WhiteMischief (1982) is an airport book that has attracted a readership of vacationers
to Kenya over many years – and presumably, will continue to do so. In 1941 Nairobi
made international news for the murder of Joss Hay, the 22nd Earl of
Erroll, the first subject in Scotland after the Royal Family, at the age of 39.
Fox
provides an historical account of the twenty-year period leading up to the
murder, the night of the fatality, the trial of suspect Sir John Broughton and his
acquittal, and the author’s years of investigative journalism to discover the
truth.
From
the 1920s, Fox describes the heady two decades of life in Wanjohi Valley - “Happy
Valley” - 100 kilometres from Nairobi, the capital of Kenya.
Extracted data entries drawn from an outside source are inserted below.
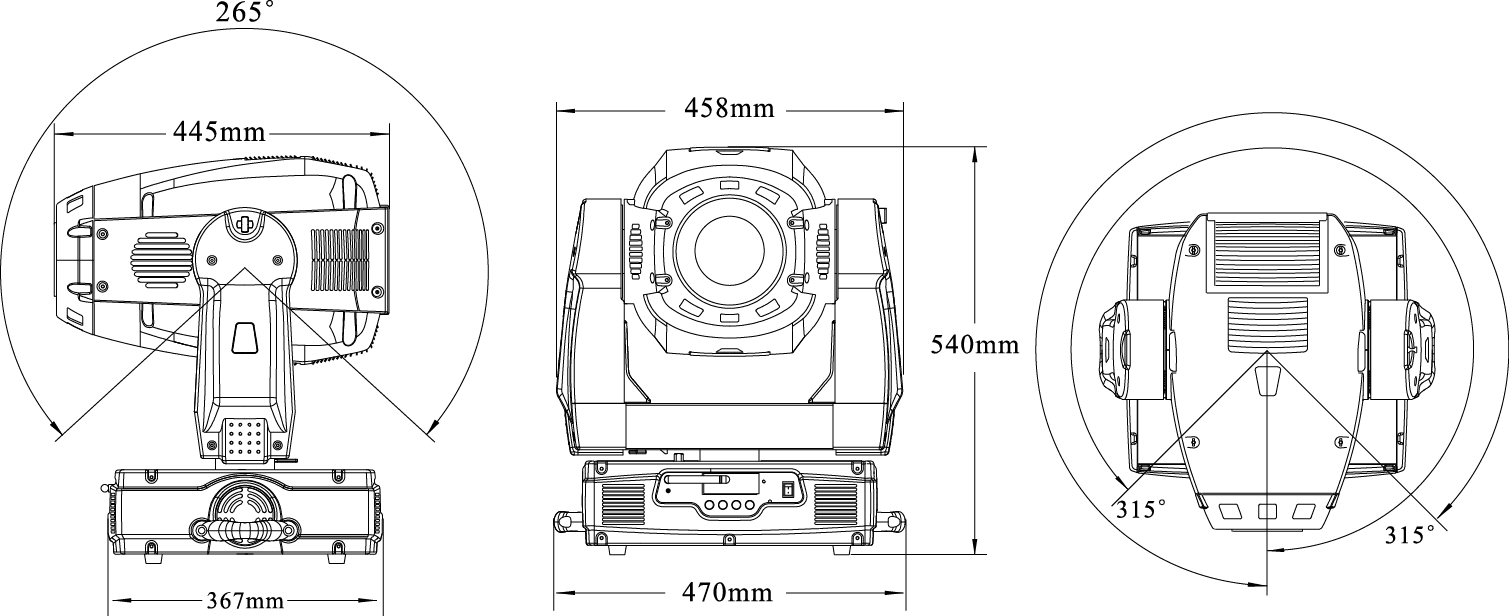 可從控臺(tái)完成更改DMX地址碼,遙控開(kāi)關(guān)燈泡,機(jī)器重設(shè),聲控模式的轉(zhuǎn)換等功能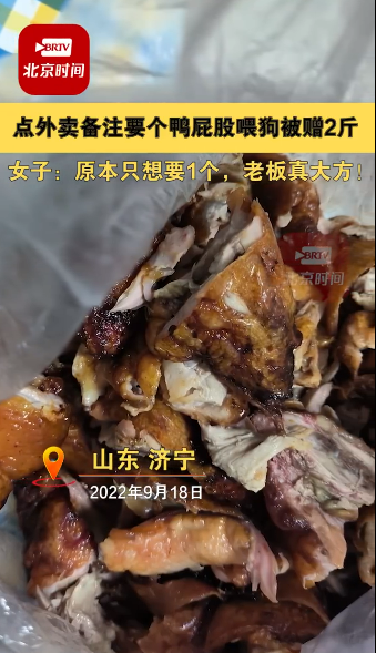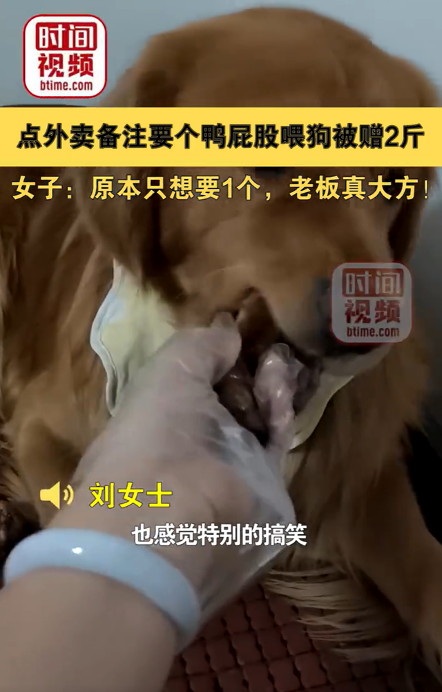 9月21日,据时间视频报道,近日,在山东济宁,刘女士点烤鸭时备注要鸭屁股给金毛解馋,没想到被赠2斤鸭屁股。
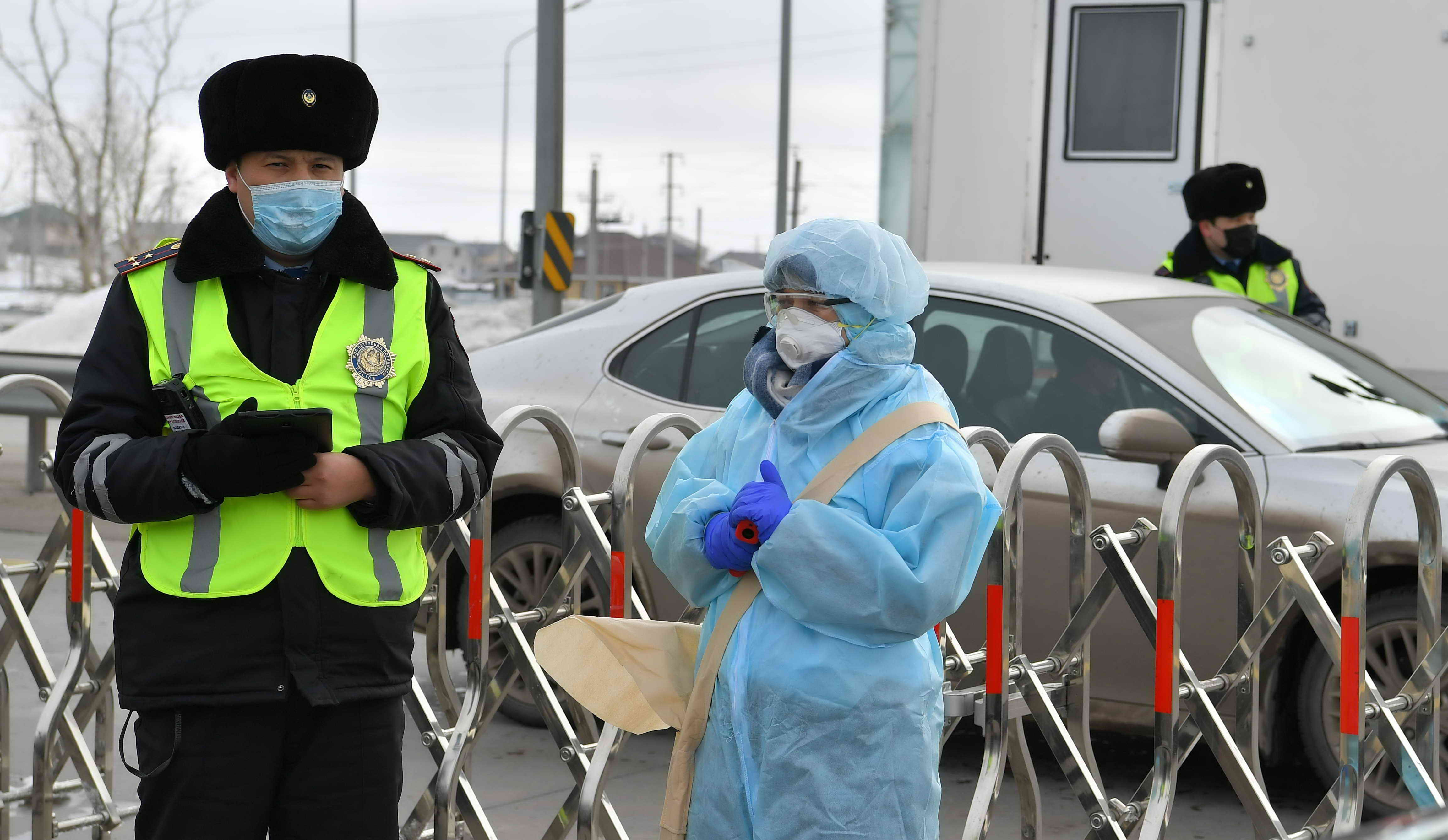 Касым-Жомарт Токаев осмотрел блокпост № 6 в районе поселка Жибек Жолы, который был установлен в связи с введением чрезвычайного положения в стране и карантина в столице из-за пандемии коронавируса.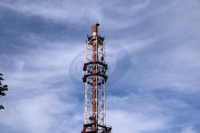KHARKIV, UKRAINE - APRIL 22, 2024 - A Russian missile attack partially destroys the Kharkiv TV tower, Kharkiv, northeastern Ukraine., Credit:Vyacheslav Madiyevskyy / Avalon

It was the height of
colonial class privilege and bad behaviour, with excesses at every level of
life – alcoholic, drug-induced, financial, and sexual excesses, where love and
love affairs had no boundaries and where both single and married men and women had
no discretion, only flamboyance and infidelity. And in the heat and altitude,
colonials – the white mischief – suffered “debility, irritability, even nervous
breakdown.”
In
the “supremely beautiful landscape” among beautiful people, Joss Hay was
considered particularly beautiful. He was a handsome man with pale gold hair and
a charm irresistible to women. He had married Lady Idina Gordon in 1923, the founding
inspiration of Happy Valley – it was her third marriage and she was infamous
for her own outrageous scandals. They divorced in 1929, and Joss Hay was free
for future marriages and dalliances. He remained in Kenya and married Molly who
died from a heroine overdose in 1939, so he continued to have a serious affair
with a married woman (given an alias in the book) and an open romance with Diana
Caldwell, the wife of John Broughton – his best friend. But he also remained
friendly with a series of “discarded mistresses.”
Hay’s
lover’s husband – John Broughton – was the prime suspect, placed on trial, and
acquitted. Fox details the trial, but it only provided a list of unanswered
questions and theories. On the fateful night, friends and lovers were holidaying
in a large house on the road between Karen (named after Baroness Karen Blixen,
Danish author of “Out of Africa”) and Nairobi. At 3:00am Hay’s Buick ran off
the road. His body was found wedged on the floor beneath the steering wheel
with a bullet hole through his ear. The bullet had travelled “in a straight
line from ear to ear” right through his brain.
The
book concludes in 1981 with the author’s interview with two witnesses who never
took the stand during Broughton’s trial – two 15-year old girls. What did they
see? What did they know? After so many years, what did it matter?